→ **Task to complete**: When the listing below reaches the line that has "而在之后的生存率统计显示,哌", start reproducing exactly; stop after the line that has "Tkanina - MATT", and drop the pictures.

→ **Records provided**:
- - - - -
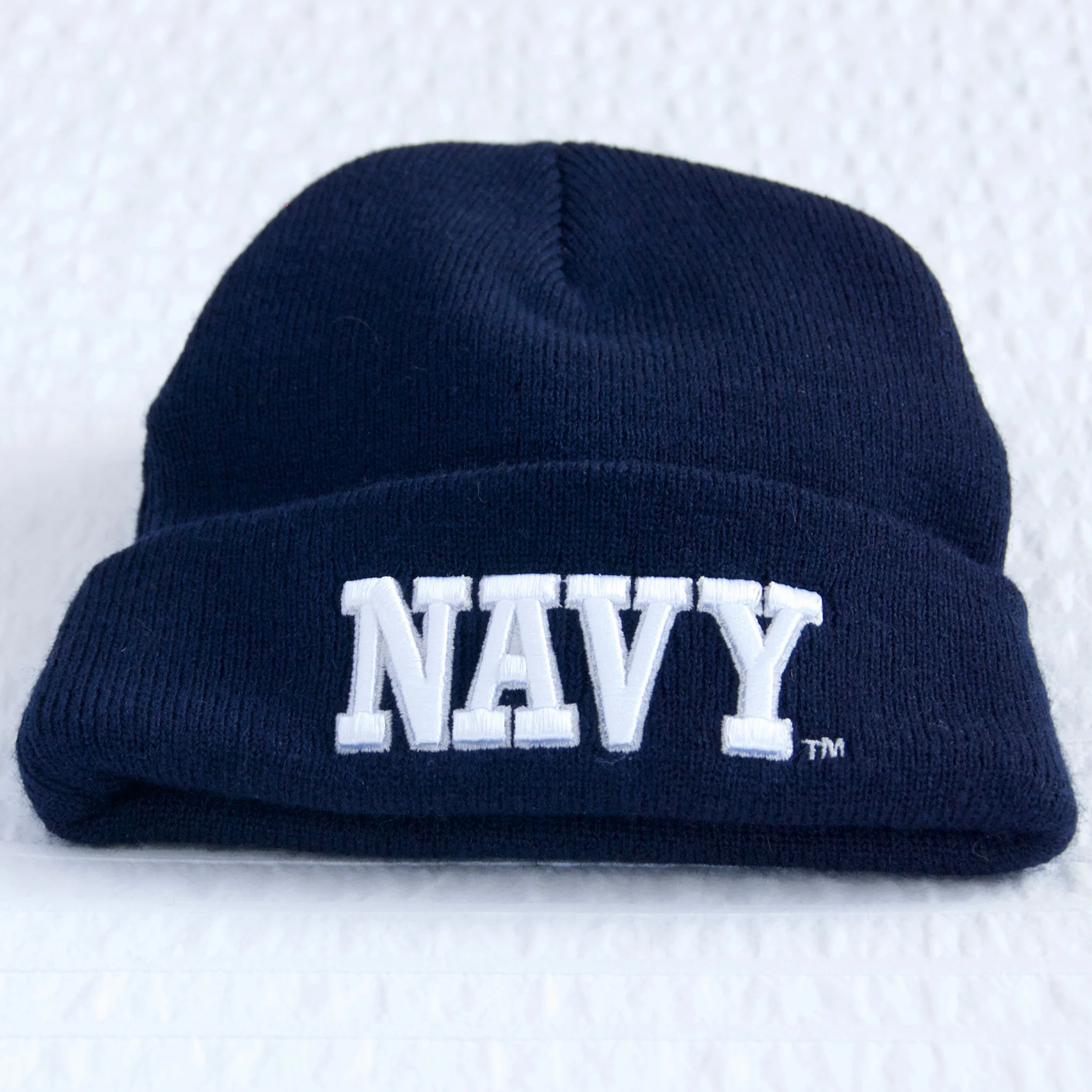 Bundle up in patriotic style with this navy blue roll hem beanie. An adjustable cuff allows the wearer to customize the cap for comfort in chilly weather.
- - - - -
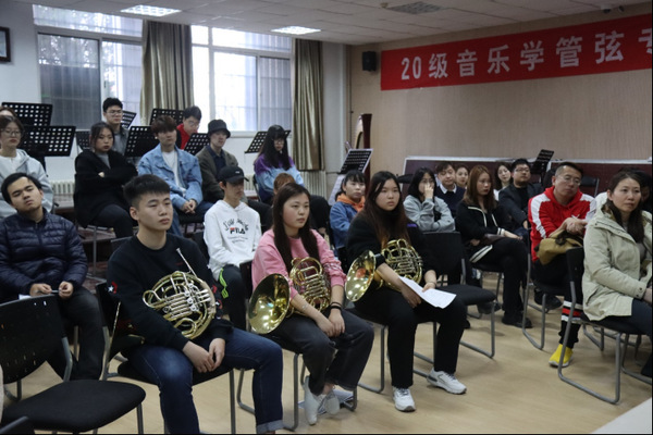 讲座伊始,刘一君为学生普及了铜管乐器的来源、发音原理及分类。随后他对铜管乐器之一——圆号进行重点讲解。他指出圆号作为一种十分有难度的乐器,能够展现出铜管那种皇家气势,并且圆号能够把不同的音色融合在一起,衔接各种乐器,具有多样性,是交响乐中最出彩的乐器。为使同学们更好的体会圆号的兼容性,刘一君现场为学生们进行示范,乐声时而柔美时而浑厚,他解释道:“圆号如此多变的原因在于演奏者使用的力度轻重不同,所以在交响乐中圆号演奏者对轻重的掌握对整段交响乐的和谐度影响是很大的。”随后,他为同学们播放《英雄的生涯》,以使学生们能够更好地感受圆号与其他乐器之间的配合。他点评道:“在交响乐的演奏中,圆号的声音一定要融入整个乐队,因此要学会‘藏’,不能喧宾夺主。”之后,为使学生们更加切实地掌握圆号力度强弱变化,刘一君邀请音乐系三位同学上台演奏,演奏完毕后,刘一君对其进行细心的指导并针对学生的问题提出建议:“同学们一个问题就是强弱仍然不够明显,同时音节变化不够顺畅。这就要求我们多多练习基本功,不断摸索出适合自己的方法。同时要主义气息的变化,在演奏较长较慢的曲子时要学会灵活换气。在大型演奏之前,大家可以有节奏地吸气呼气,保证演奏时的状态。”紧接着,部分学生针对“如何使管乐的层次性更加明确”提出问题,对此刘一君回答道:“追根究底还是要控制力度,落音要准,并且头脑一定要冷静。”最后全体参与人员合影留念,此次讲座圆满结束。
- - - - -
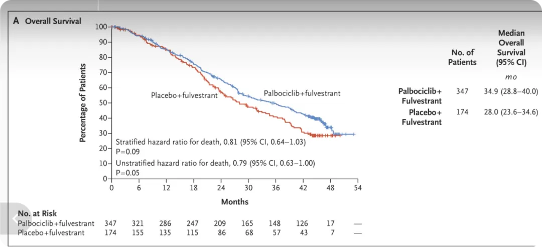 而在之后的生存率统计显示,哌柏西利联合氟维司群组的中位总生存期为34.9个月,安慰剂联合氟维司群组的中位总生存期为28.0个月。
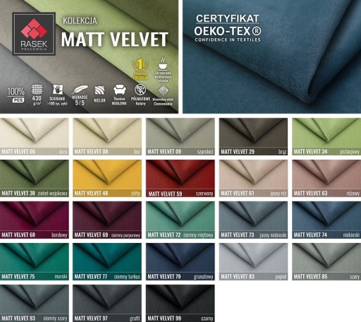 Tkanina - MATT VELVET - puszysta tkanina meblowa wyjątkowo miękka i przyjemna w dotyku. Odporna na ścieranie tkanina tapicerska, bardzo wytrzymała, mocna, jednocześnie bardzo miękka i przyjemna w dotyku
- - - - -
→ **Answer**:
 而在之后的生存率统计显示,哌柏西利联合氟维司群组的中位总生存期为34.9个月,安慰剂联合氟维司群组的中位总生存期为28.0个月。
 Tkanina - MATT VELVET - puszysta tkanina meblowa wyjątkowo miękka i przyjemna w dotyku. Odporna na ścieranie tkanina tapicerska, bardzo wytrzymała, mocna, jednocześnie bardzo miękka i przyjemna w dotyku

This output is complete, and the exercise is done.